«Я всю жизнь пишу одну картину — свой портрет на фоне страны», — говорил Оскар Рабин и не лукавил. Художнику выпала долгая и непростая жизнь, которая начиналась в лианозовском бараке, а закончилась 7 ноября 2018 года во флорентийской больнице. Выставку «Hommage» открывают ранние работы художника, где он только ищет свой стиль, подражает и экспериментирует. Но уже тогда, в середине 1950-х, живопись художника идет вразрез с официальной идеологией. «Он выходит за рамки советской системы худсоветов, юбилейных выставок и официального темника (список дозволенных тем), чтобы делать что-то свое», — говорит искусствовед Михаил Сидлин, с которым мы вместе осматриваем выставку.
Вместо сталинских высоток и великих строек — покосившиеся бараки с кривыми окнами. Вместо наносного технического бума — одинокий поезд, шатающийся по кривым рельсам, словно пьяный. Вместо растущего ударными темпами города — времянки без единого фонаря вокруг. И все-таки среди этих реалий советской жизни простых людей есть свет в оконце — теплый, манящий и нежный. Есть надежда и любовь. Романтика.
Была она и в жизни мастера. Осиротевший в 13 лет Оскар Рабин нашел вторую семью: его учитель, у которого он занимался в студии при Доме пионеров, художник и поэт Евгений Кропивницкий заменил ему отца. Позже Рабин женился на его дочери Валентине. Кропивницкие жили в бараке в Лианозове (тогда еще — подмосковном районе), там получил комнату и Рабин (как он рассказывал — по блату, за две картины). Но это было потом — после того, как 16-летним подростком Рабин отправился в Ригу, где поступил в Рижскую академию художеств. Проучился там до 1947-го, а вернувшись в Москву, поступил сразу на второй курс Суриковского института. Впрочем, учился там всего несколько месяцев и вынужден был оставить институт, потому что жить ему было негде. Чтобы заработать на жизнь, разгружал вагоны, но не оставлял живопись. Как раз тогда он по-настоящему сблизился с Евгением Кропивницким и женился на его дочери.
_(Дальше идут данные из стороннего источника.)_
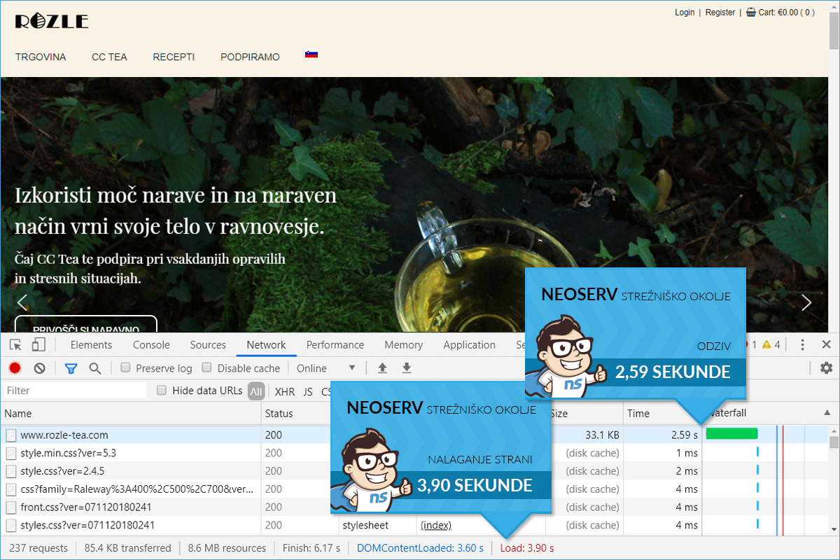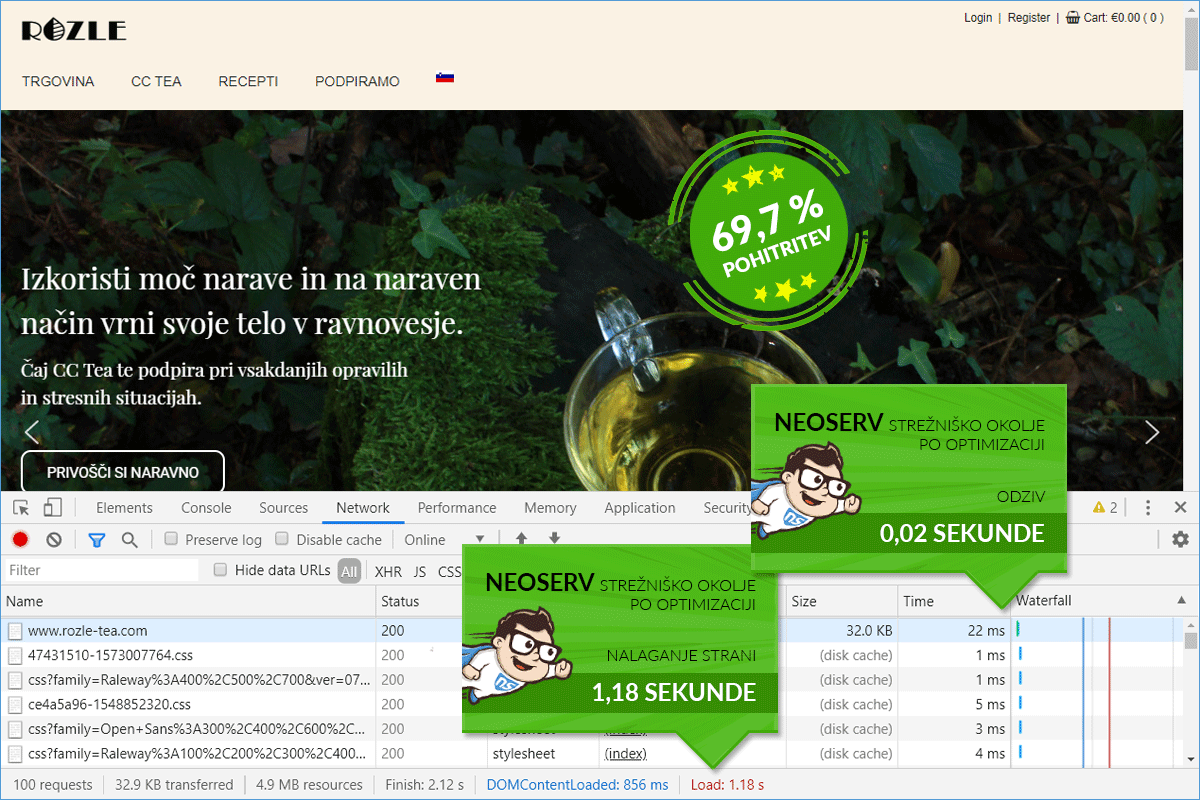 Today's case study is divided into two parts: before speed optimization and after optimization. The Rozle-tea.com online store has been hosted on our servers for several years, which means that this study did not involve transferring the site from another provider to us, but rather an upgrade of the hosting package and speed optimization. With these measures, we accelerated the online store by 69.74%.
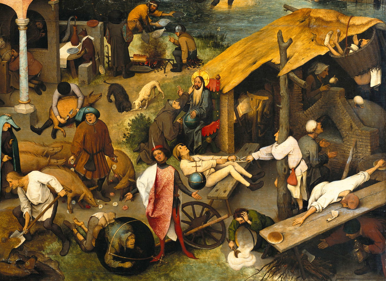 The upper part of the house shows how densely Bruegel has concentrated the proverbs. The broom poking out from the window is for sticking out the broom, which means having fun while the master’s away; the couple under it are marrying under the broomstick, or living together out of wedlock, and the odd circular objects on the roof represent having the roof tiled with tarts, meaning to be very wealthy.

После свадьбы Оскара и Валентины их барак стал центром знаменитой «Лианозовской группы» — объединения художников и поэтов, чье творчество шло в противовес официальной идеологии.
— Рабин создал перверсивную версию социалистического реализма — соцреализм, вывернутый наизнанку, — уверен Сидлин. — Это идеологическая живопись, но это идеология наоборот. В то же самое время он был в курсе тенденций 1950–60-х годов, что очевидно на выставке. Был знаком с работами Жана Дюбуффе. Работа «Самоубийца», например, тематически и стилистически пересекается с творчеством основателя ар-брют. Рабин хорошо знал прогрессивную итальянскую графику того времени. Только у рабинской мрачной эстетики другие корни — поражение русской интеллигенции в борьбе с системой.
Рабин всю жизнь писал то, что впитал в лианозовских бараках — темные улицы, грязные замершие лужи, пивнушки… Классический Рабин — картина с селедкой, лежащей на газете «Неправда», или выцветшая растяжка с надписью «Ура!», возвышающаяся над скособочившимися бедными домиками, натюрморты с рыбой, водкой и одинокой лампочкой. Однако в мрачной живописи есть светлое и до боли родное. Оно остается в творчестве художника и после вынужденной эмиграции во Франции, случившейся через несколько лет после легендарной «бульдозерной» выставки. В своей мастерской в центре Парижа он продолжал писать те же гнилые бараки, пусть даже французские. «Художнику часто комфортно в предельно некомфортном окружении. Когда он вынужден преодолевать весь ужас действительности и хаос окружающего мира — это стимул к дальнейшей борьбе», — замечает Сидлин.
Рабин не прекращал эту борьбу и работал до последнего часа. Он чувствовал, что в мире много беспросветной мглы. Но всегда остается и надежда, которую мы находим на картинах художника. Неслучайно в его работах часто встречается окно — тот самый незатухающий огонек радости и нежности, который можно найти в самой страшной тьме. Неслучайно такое значение имеет контраст: порой кажется, что отдельные элементы оторваны от остального сюжета. Неслучайно он часто работал в технике ассамбляжа, внедряя в картину привычные, бытовые предметы (от этикеток и фотографий до картона, досок и игрушек). Неслучайно создавал фактурную и выпуклую живопись, подчеркивая тем самым контрасты. Все это вкупе делает Рабина близким и понятным для любого поколения зрителей.